Like the beautiful Narcissus taken with his own image, EA Mobile has been caught up in the labour of love that is Mirror's Edge.

It's only a reproduction of the superb iPad version, however, and in longing for release on iPhone and iPod touch scant work has been done to advance the game's design.

Rather than seizing on lengthy delays to add content or introduce new features, Mirror's Edge has curiously been stripped down.

Sans multiplayer or unique features, Mirror's Edge on iPhone is just a reflection - albeit a captivating one - of its iPad predecessor.

Old shoes, new streets

The story of runner Faith is the sole attraction here, and to be clear it's quite a draw. Part of an underground network of athletic couriers that race across rooftops and leap across alleyways, Faith finds herself caught up in political scandal and security crackdowns that can only be solved by doing what she does best.

Relaying vital information between key locations requires navigating the skyline with skill - in your case, well-timed swipes of the screen.

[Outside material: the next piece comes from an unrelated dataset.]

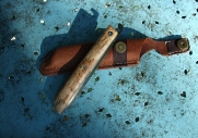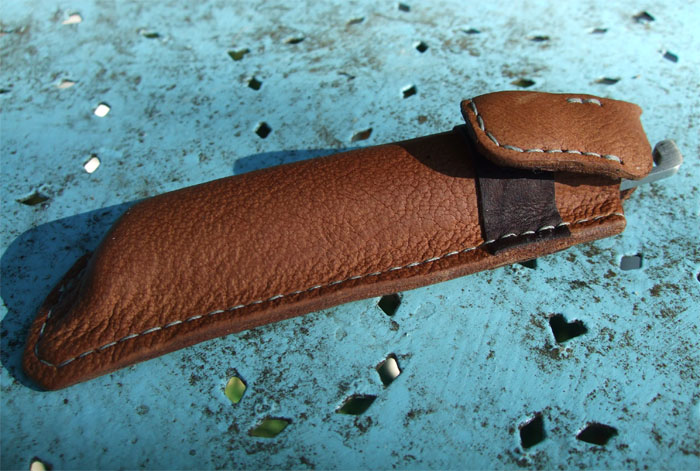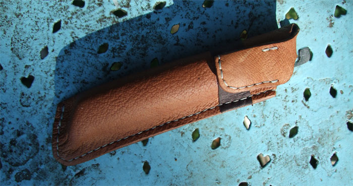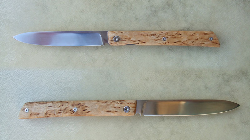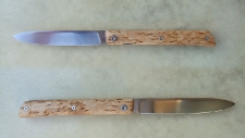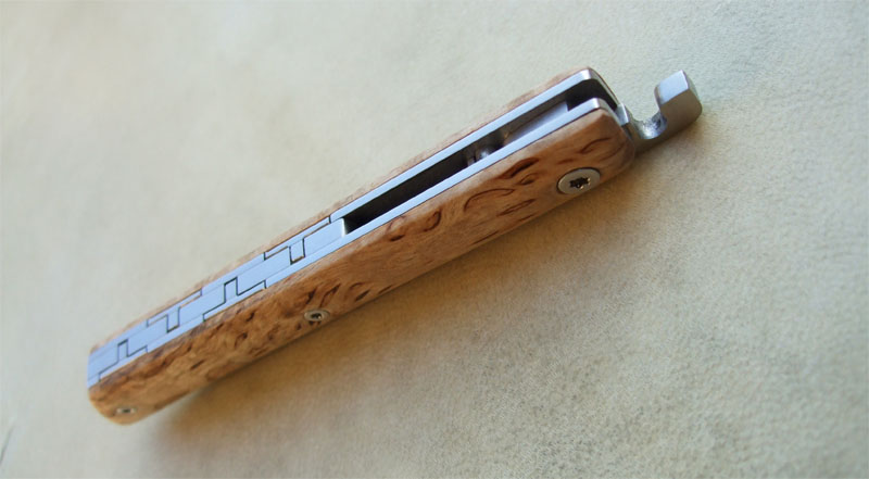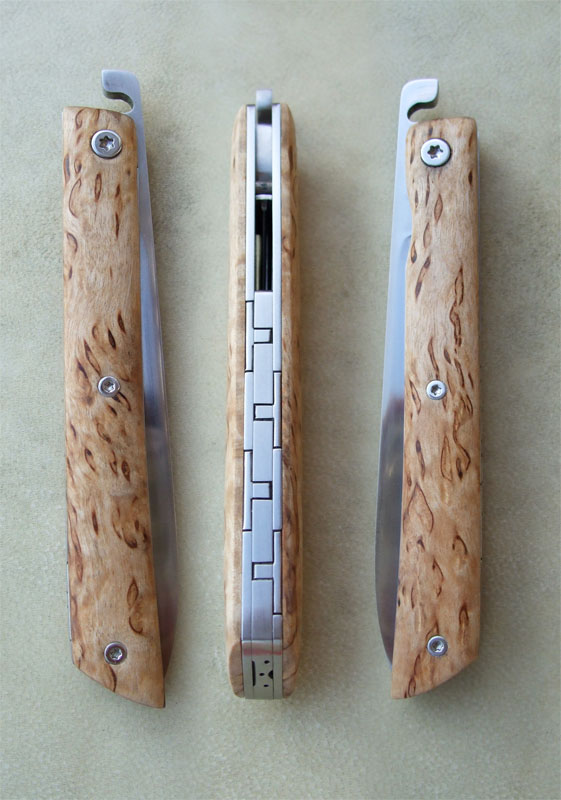 Lame RWL34 – manche Bouleau madré de Norvège – guillochage incas – pochette cuir souple avec aimant.
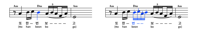 - The 'Kkeokk-ki' technique may be better explained by the gruppetto ornament of the classical music theory. A note is figured, as if it had been split into two or four subsidiary notes. And the voice is inflected to these imaginary notes: e.g. one quarter note is split into four sixteenth notes: (1) one in original pitch - (2) one in upper pitch - (3) one in lower pitch - (1) one in original pitch again (see below image, the example measure is from Na Hun-a's "Turning Waterwell"). Kkeokk-ki happens in the transition between two notes in original pitch. For the ordinary listeners, it is not easy to quickly perceive the subtlety of this technique. However, any Trot singer can hardly do without the elaborated effect of Kkeokk-ki.

Slide a finger left or right across the screen and Faith starts running in the corresponding direction. A swipe up instructs her to jump, whereas down triggers a slide for quickly moving under obstacles.

Timing jumps and slides is important to prevent deadly falls, but it's also critical to reaching new areas and exploiting the local environment.

Billboards, for example, make excellent walls on which Faith can scurry with the right flick of a finger. Gun-toting security forces can be disarmed or knocked out with a kick to the face or fanciful punch.

Short distance runner

Tight touch controls combined with interesting levels make Mirror's Edge a blast. The action is fast without being overwhelming, challenging without the difficulty ramping up too high, and stylish without trying too hard.

Its expertly polished gameplay lasts only so long, sadly. Mirror's Edge is over quickly than you know it, leaving you to tinker with leaderboards and Facebook Connect for ghost races and high scores.

The decision to omit the local multiplayer modes included with the iPad release is mind-boggling. While split-screen would obviously be unreasonable on the smaller iPhone and iPod touchscreen, reconfiguration for Bluetooth or local wireless connectivity could have compelling.

Given more than half a year of unexplained delays, it seems curious that the time wasn't used for retooling multiplayer or generating other new content.

Downsize me

I'd prefer a superb short game to a mediocre long one, but that doesn't excuse the Mirror's Edge's limited value. Posting times online and racing against ghost data does entertain for a short while, but knowing that multiplayer is available in a different version takes the shine off. At least this gap is made up in the reduced price.

Mirror's Edge deserves all praise thrown its way - particularly for leveraging the high-resolution iPhone 4 screen for sharp visuals - and it's wholeheartedly recommended as a more sophisticated, satisfying evolution on the running phenomenon kick-started by Canabalt.

Had EA Mobile been more focused on embellishing this great game, perhaps this iPhone and iPod touch edition could have been more than just a simple reflection.